Purpose finding and self-development are natural extensions of the regular meeting of like-minded people. The need for this type of gathering and personal development is a fundamentally human one that has historically always had a role in our life. In the past the need had been fulfilled by organized religion. Our community center was the church while the counselor, the pastor, and the congregation were our accountability partners.

The backdrop on how we address these needs is evidently changing. In the report “’Nones’ on the Rise,” the Pew Research Center documents this shifting backdrop and explores the fast growing segment of 46 million Americans who identify themselves as religiously unaffiliated. The rate of growth has been increasing at a substantial pace with one-third of those under 29 years old claiming to be unaffiliated. As this move from religious to unaffiliated grows, we are losing the place that we originally turned to for personal development, growth, purpose, and meaning and are now seeking new options in both our workplace and our life.

In the report “How We Gather,” Casper ter Kuile and Angie Thurston explain the shift in backdrop does not mean that desires of a new generation are changing. “When they say they are not looking for a faith community, millennials might mean they are not interested in belonging to an institution with religious creed as the threshold. However, they are decidedly looking for spirituality and community in combination, and feel they can’t lead a meaningful life without it.”

Kuile and Thurston map out a new group of companies and organizations that fill this need. The response is coming from a diverse set of companies and organizations beyond workplaces.

Exercise communities like SoulCycle and CrossFit are among a new wave of businesses. Classes have become journeys and cathartic workouts have become invitations to heal. A new generation of exercise class specializes in filling the need that people have for accountability, for partners, for community, and for personal transformation. Individuals come together and make public commitments to changing their body, mind, and spirit. They are held accountable and develop a shared language and often “evangelical enthusiasm.”

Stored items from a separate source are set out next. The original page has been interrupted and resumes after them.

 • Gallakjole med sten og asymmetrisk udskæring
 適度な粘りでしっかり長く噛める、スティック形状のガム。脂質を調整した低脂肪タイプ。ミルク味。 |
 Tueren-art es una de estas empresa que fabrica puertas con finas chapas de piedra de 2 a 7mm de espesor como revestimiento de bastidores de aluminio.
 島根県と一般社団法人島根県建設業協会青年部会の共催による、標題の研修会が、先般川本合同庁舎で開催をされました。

“How to Gather” categorizes the types of services these new communities provide into six different areas: community, personal transformation, social transformation, purpose finding, creativity, and accountability.

What connects this diverse range of companies and organizations is the fact that they are all addressing a need to humanize and connect with one another—something that may be lost in the non-religious and increasingly digital age.

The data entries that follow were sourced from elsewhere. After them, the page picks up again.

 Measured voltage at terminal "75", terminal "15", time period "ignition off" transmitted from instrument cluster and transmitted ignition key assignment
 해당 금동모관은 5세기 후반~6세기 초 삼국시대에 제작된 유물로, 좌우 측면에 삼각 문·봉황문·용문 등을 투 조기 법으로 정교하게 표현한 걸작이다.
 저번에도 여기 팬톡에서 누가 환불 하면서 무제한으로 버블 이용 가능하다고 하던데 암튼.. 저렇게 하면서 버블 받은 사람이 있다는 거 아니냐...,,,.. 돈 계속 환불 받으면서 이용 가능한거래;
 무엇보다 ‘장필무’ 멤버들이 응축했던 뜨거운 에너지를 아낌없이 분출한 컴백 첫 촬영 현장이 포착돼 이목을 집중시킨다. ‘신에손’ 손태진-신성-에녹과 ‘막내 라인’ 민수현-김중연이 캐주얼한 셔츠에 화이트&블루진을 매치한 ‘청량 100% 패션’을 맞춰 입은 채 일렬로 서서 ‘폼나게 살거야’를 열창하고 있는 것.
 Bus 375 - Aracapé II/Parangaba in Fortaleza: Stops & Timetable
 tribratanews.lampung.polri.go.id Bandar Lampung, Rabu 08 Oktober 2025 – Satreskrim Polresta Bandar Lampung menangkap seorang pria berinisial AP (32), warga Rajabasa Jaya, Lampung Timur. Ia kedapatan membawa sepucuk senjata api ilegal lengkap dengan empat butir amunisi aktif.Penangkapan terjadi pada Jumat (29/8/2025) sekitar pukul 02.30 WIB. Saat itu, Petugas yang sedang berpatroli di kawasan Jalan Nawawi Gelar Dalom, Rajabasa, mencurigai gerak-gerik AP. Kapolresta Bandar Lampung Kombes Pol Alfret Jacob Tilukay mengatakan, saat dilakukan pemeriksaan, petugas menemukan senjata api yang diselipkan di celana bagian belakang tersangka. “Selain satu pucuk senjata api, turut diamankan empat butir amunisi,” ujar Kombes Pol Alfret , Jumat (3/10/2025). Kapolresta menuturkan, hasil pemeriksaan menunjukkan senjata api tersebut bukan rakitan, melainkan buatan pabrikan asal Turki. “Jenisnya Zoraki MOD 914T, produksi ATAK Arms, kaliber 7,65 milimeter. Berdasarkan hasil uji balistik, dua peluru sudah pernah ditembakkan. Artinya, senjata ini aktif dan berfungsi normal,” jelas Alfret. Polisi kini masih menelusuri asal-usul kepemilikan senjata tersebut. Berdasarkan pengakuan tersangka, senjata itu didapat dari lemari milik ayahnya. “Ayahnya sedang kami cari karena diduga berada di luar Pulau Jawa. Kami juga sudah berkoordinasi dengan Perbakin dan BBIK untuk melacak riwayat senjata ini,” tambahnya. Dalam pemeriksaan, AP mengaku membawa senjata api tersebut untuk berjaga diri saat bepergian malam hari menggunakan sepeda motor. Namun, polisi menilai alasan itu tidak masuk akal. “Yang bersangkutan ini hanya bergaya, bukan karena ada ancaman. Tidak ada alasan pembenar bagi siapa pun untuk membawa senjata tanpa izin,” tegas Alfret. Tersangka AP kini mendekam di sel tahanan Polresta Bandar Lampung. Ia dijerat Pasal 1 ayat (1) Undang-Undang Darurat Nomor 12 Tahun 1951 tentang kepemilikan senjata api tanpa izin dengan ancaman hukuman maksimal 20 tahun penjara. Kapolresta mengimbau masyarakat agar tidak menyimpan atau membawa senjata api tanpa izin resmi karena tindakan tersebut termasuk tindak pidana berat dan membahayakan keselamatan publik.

The human needs to grow, learn, and gather are strong and alive. Without organized religion we still turn to each other and find new ways to do so. We find each other in exercise classes, classrooms, and around dinner tables.  As this shift happens and more companies and organizations rise in response to this challenge, important questions will be answered about how commerce, class, and race intersect with one’s ability to pursue and access these new organizations and classes.

But for now, together, we continue to grow and learn. Whether it is through evangelical exercise, tackling social issues with an affinity group, or coming together with a group of guys to talk about the real issues, the backdrop before which we gather shifts but the experience and the human relationships remain the same.